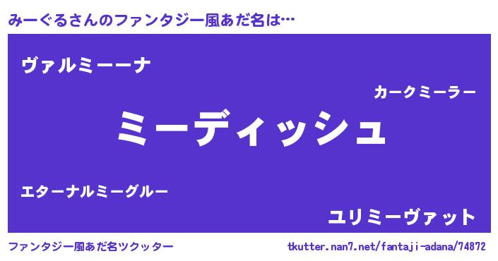 | 意味不明あだ名 | 『永久保存みーぐる』『自称みーぐる』 |
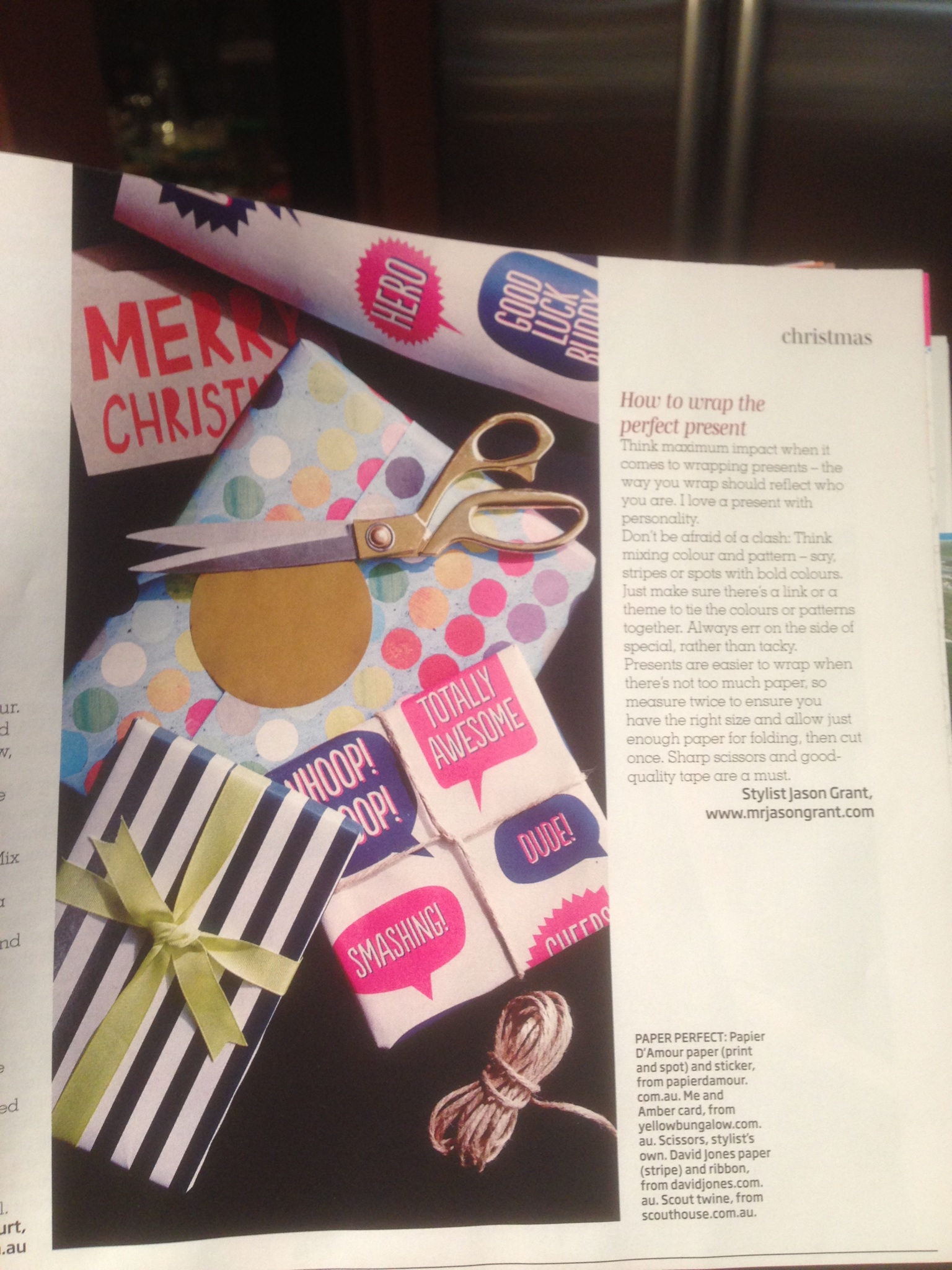 Krazy Kym and I were incandescent with rage after reading this yesterday. “Presents are easier to wrap when there’s not too much paper…sharp scissors and good-quality tape are a must.” And some people wonder why some newspapers are going the way of the dodo.
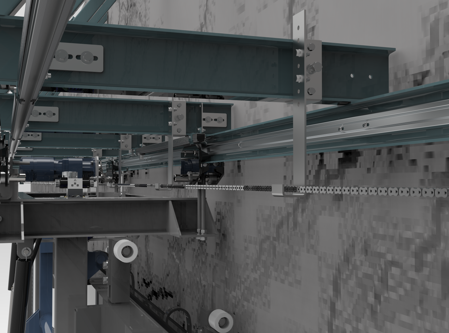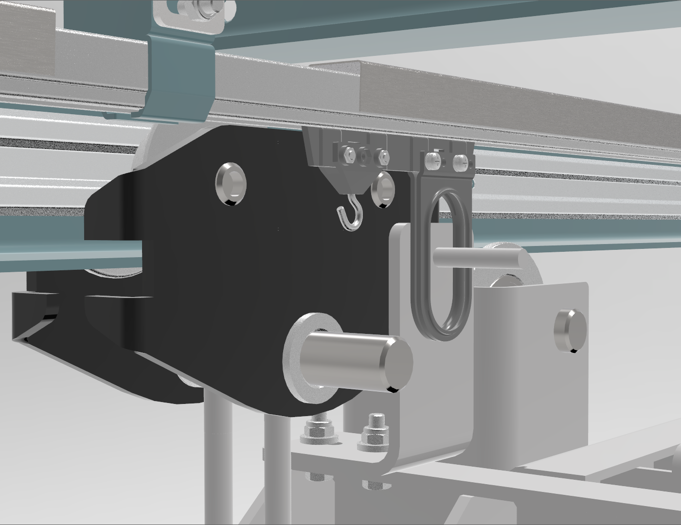 SST har utvecklat en kedjefångare som fästs på varje konsol som bär upp rälsen som porttransportören hänger i. Vi har en variant som passar till IPE100, en för IPE120 balk och en för HEA100 balk. Ifall kedjan någon gång går av kommer kedjan fastna i kedjefångare. Detta är en viktig åtgärd, för kedjan får en hög hastighet när den faller till marken och kan orsaka allvarlig personskada.
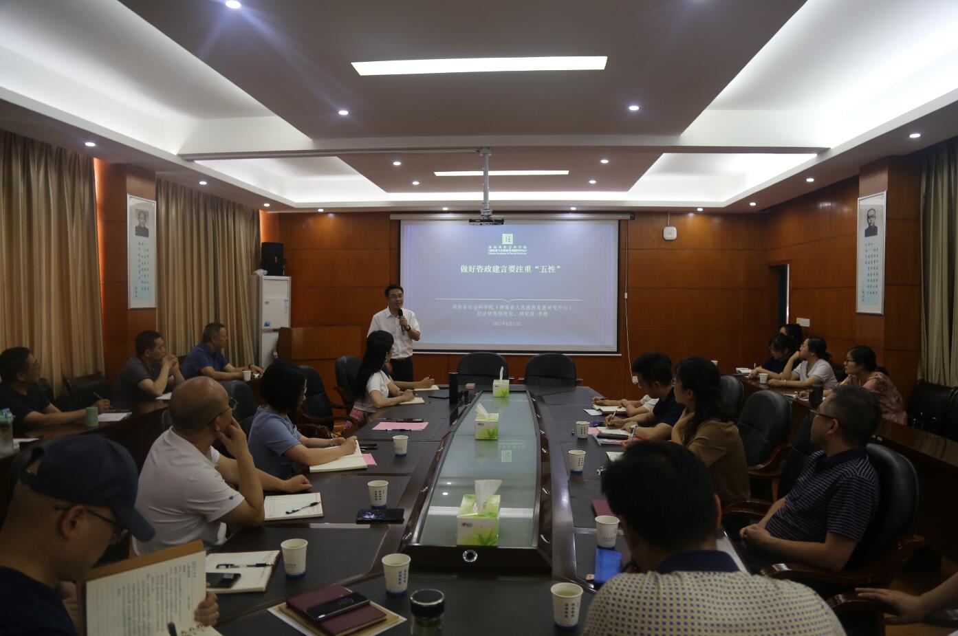 应学院邀请,6月14日下午,湖南省社科院经济研究所所长李晖研究员到学院开展了一场主题为“做好咨政建言要注重‘五性’”的学术讲座,学术讲座由院长丁建军主持,学院全体教职工、部分研究生参加了讲座。
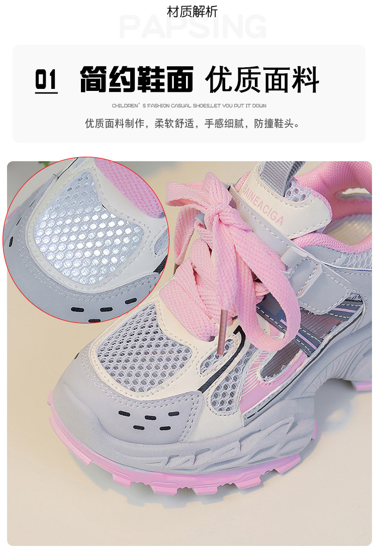 세련되고 통기성 어린이 아빠 신발 여름과 가을 프레임 신발 소년을위한 새로운 부드러운 단독 소녀 더블 메쉬 스포츠 신발스토어 가기
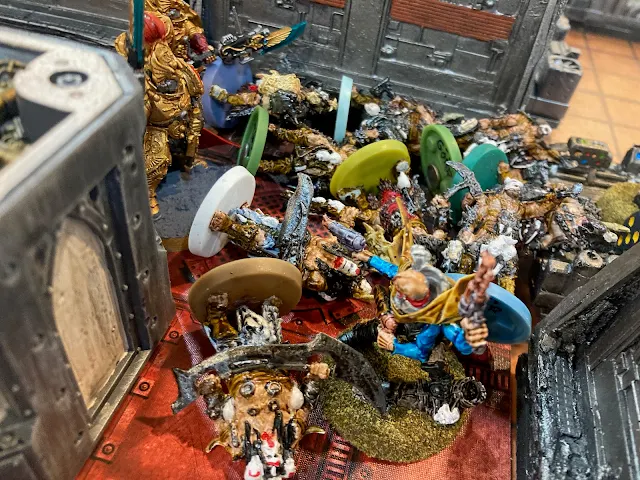 A second group is likewise despatched by the Custodes...The cultists are dropping like flies...Losing yet more, the cultists finally bring down a Custodes (c)...Two inhuman mutants take down two Custodes!One more Custodes trades his life in order to destroy numerous cultists...One lone Custodes attempts to hold back the forces of evil...None shall pass this hatchway...Yet, two more Custodes sell their lives dearly...Overview of the battlefield with all of the fighting having taken place at the central hallway. The cultist leadership is seen at bottom..The Custodes counterattack begins as three members teleport behind the cultists (c-r)...The fighting continues in the central hallway...A cultist Kelermoph moves to engage his enemies...The Custodes pushing out from the Central Hallway...After taking down one and badly wounding another, the Kelermoph himself is despatched. (bottom l)..
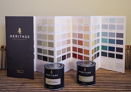 Use the Heritage Colour Card to easily navigate your way through the range. Each column has 2 light, 2 mid and 2 deep colours, as well as a white, to help you find the right complementary colour scheme.
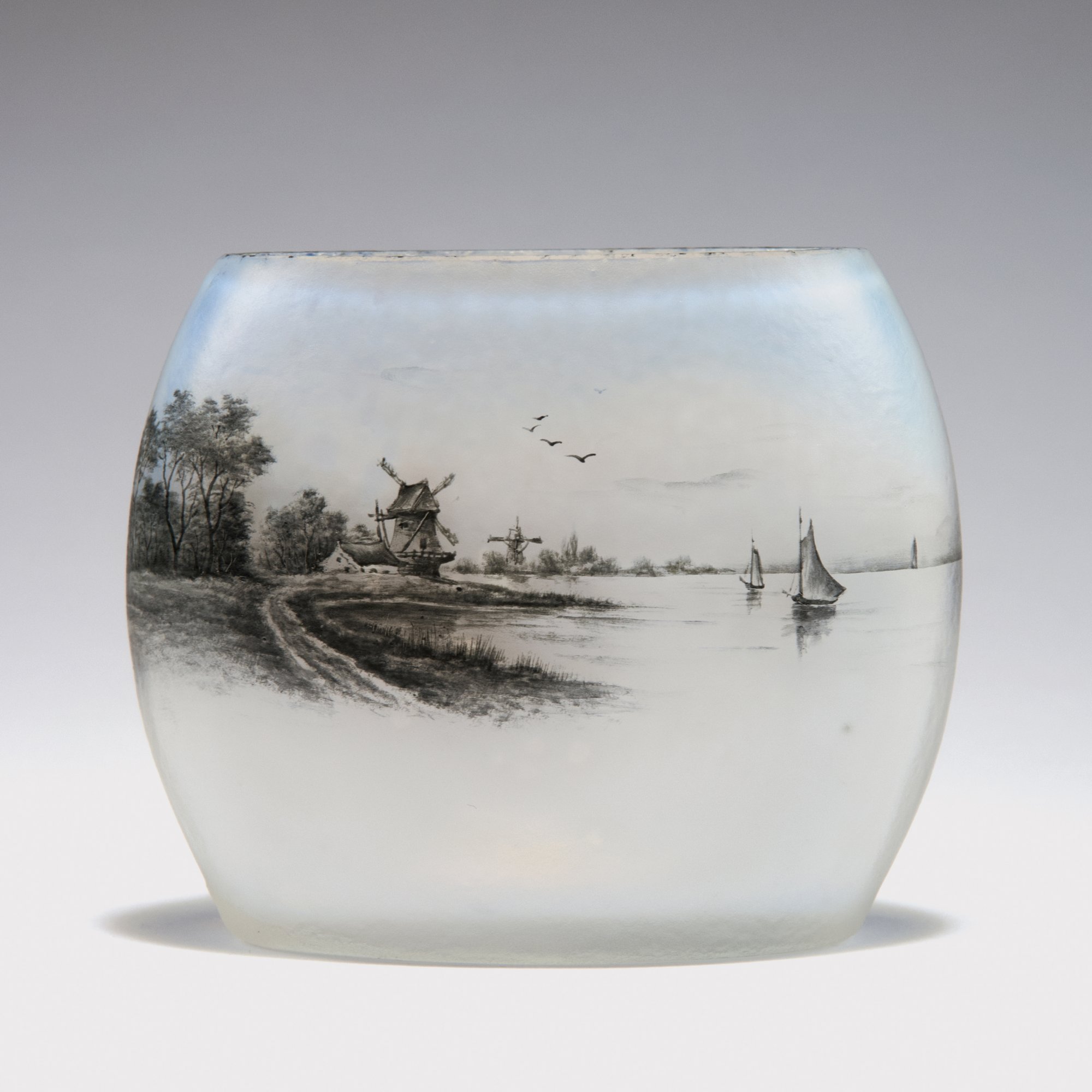 Daum Frères, Nancy. 'Delft' vase, 1899. H. 8.1 cm. Cased glass, milky opalescent and clear. Etched. Grisaille paint. Dutch coastal landscape with windmills and sailboats. Signed: Daum Nancy.

**Required work**:
Once the line containing "Krazy Kym and" has been located, transcribe exactly and only every line from the first line of the entries through it, excluding pictures.

**The completed task**:
 | 意味不明あだ名 | 『永久保存みーぐる』『自称みーぐる』 |
 Krazy Kym and I were incandescent with rage after reading this yesterday. “Presents are easier to wrap when there’s not too much paper…sharp scissors and good-quality tape are a must.” And some people wonder why some newspapers are going the way of the dodo.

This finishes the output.